2. Masa kanak-kanak pertengahan (4-11 tahun)
Pasien mengatakan tidak ada keluhan apa pun yang dirasakan
ketika usia 4-11 tahun, tidak ada masalah pada lingkungan sekolah
maupun keluarga dan mudah bergaul di sekolah.
3. Masa kanak-kanak akhir (12-18 tahun)
Pasien tumbuh dan kembang seperti anak lainnya. Pasien
menjalankan wajib belajar 12 tahun sampai lulus SMA. Pasien
mengatakan tidak ada kendala dalam pembelajaran di sekolah da
pasien memiliki prestasi yang cukup baik.
4. Masa dewasa (>18 tahun)
Pasien saat lulus SMA melanjutkan pendidikannya di salah
satu Universitas di Jakarta. Namun berhenti di tengah jalan dan
melanjutkan dengan masuk sebagai anggota Brimob.

9
C. Riwayat Pendidikan
● SD : SD di Jakarta

● SMP : SMP di Jakarta

● SMA : SMA di Jakarta

● Kuliah : Pendidikan Polisi

Selama menempuh pendidikan, pasien tidak memiliki kendala


dalam belajar. Pasien dapat mengikuti pelajaran dengan baik. Selama
masa sekolah, pasien tidak memiliki teman dan sering dijauhi oleh teman-
teman di sekolahnya. Pasien sempat bolos sekolah beberapa kali karena
takut dijauhi oleh teman-temannya. Prestasi pasien cukup baik.

D. Riwayat Pekerjaan
Saat ini pasien belum bekerja.

E. Kehidupan Beragama
Sejak lahir pasien sudah beragama islam dan menjalani ibadah
sesuai ketentuan agama islam.

F. Riwayat Pernikahan
Saat ini pasien sudah menikah.

G. Riwayat Pelanggaran Hukum


Pasien menyangkal adanya masalah dan pelanggaran hukum yang
pernah dilakukan sebelumnya.

H. Riwayat Sosial
Pasien sulit bergaul dengan teman-teman kerja dan lebih senang
berada diasrama dibanding bergaul dalam lingkungan sosial ataupun
masyarakat. Hubungan pasien dengan tema-teman pasien masih baik.

10
I. Riwayat Keluarga

Pasien merupakan anak ke-2 dari 3 bersaudara.
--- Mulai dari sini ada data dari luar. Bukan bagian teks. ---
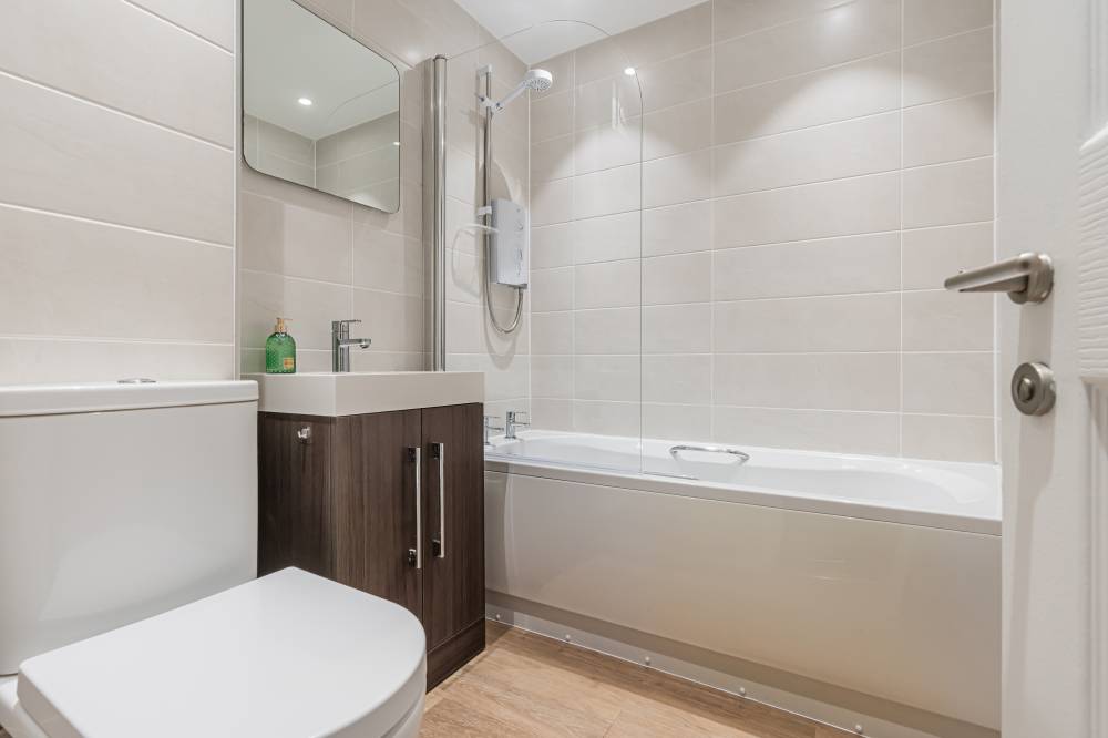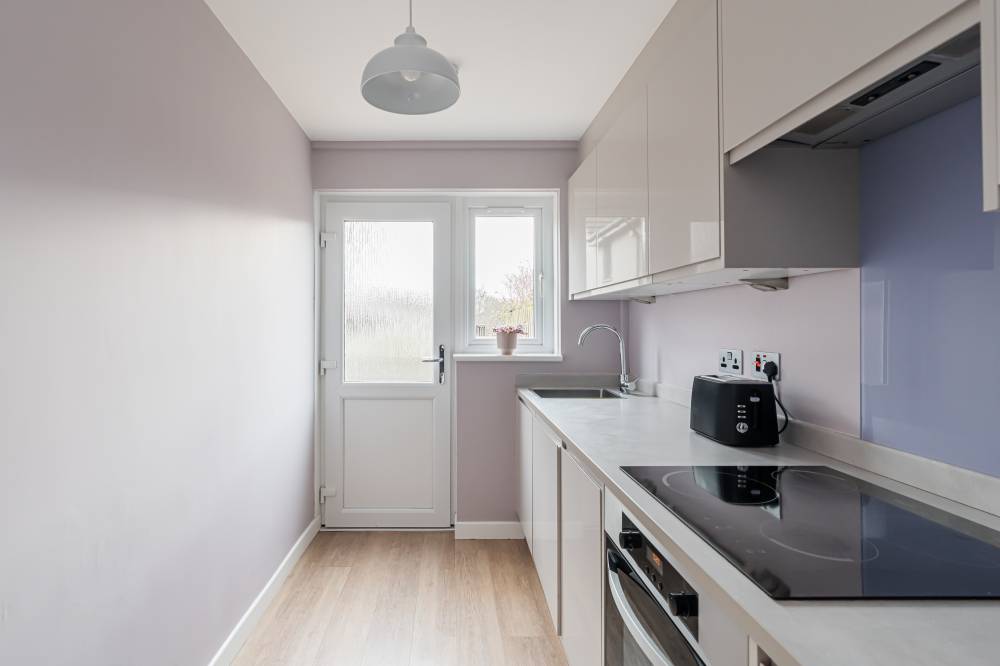 The accommodation begins with an entrance porch, leading into a bright and airy lounge/diner with a pleasant front-facing aspect. This well-proportioned space offers ample room for lounge furniture as well as a small dining table and chairs, and benefits from a large storage cupboard. The contemporary kitchen is fitted with a range of integrated white goods, complemented by under-unit lighting and a good selection of neutral gloss units, providing both style and practicality. The bedroom is a good-sized double, quietly positioned to the rear. It features an integrated double wardrobe along with a separate cupboard housing the boiler. The modern bathroom is finished to a high standard with full tiling, a shower over bath, and a heated towel rail. Additional storage is available within the hallway, including a linen cupboard and a utility cupboard with space for further white goods.

Keluarga terdekat


pasien adalah orang tua pasien, kakak, dan adik pasien. Ayah dan ibu
pasien sudah berpisah sejak pasien masih berkuliah. Pasien mengatakan
tidak mengetahui apakah kedua orang tua pasien, kakak dan adik pasien
memiliki gejala yang sama dengan pasien. Kakak dan Adik pasien
berjenis kelamin perempuan. Saat ini pasien tinggal di asrama brimob
sendian. Istri pasien tinggal di rumah sendiri dan anak pasien tinggal
Bersama orang tua istri pasien. Istri pasien juga mengalami gangguan
yang sama.

J. Persepsi Pasien Tentang Diri dan Kehidupannya


Pasien menyadari bahwa pasien mengalami masalah dalam
kejiwaan pasien. Pasien mengatakan ingin keluhannya hilang dan
meminum obat yang diberikan oleh dokter.

K. Impian, Fantasi, dan Cita-cita


Pasien memiliki harapan untuk bisa lebih baik lagi dalam
berhubungan dengan keluarga dan pasien bercita-cita menjadi bidan.

I.3 Status Mental


I.3.1 Deskripsi Umum
A. Penampilan
Pasien perempuan berusia 18 tahun, berpenampilan fisik sesuai
dengan usianya. Menggunakan pakaian yang rapih dan bersih,
menggunakan jilbab, memakai baju kemeja dan celana jeans.
B. Kesadaran

11
Pasien dalam keadaan compos mentis dengan nilai glasgow coma
scale 15 (E4M6V5).

C. Perilaku dan Aktivitas Psikomotor


1. Sebelum Wawancara
Pasien tenang dan mengikuti instruksi yang diberikan oleh
pemeriksa. Pasien menyapa kembali ke pemeriksa dengan baik, nada
bicara halus, dan sopan.
2. Saat Wawancara
Pasien bersikap tenang dan kooperatif. Pasien dapat
memberikan jawaban sesuai dengan pertanyaan yang diajukan,
pasien juga dapat menceritakan tentang keluhan dan pengalaman
yang pasien alami.
3. Setelah Wawancara
Pasien masih tenang dan kooperatif. Meninggalkan tempat
wawancara dengan tenang.
4. Aktivitas Psikomotor
Melakukan Gerakan tubuh sewajarnya yang sesuai dengan
perasaan yang sedang diceritakan oleh pasien.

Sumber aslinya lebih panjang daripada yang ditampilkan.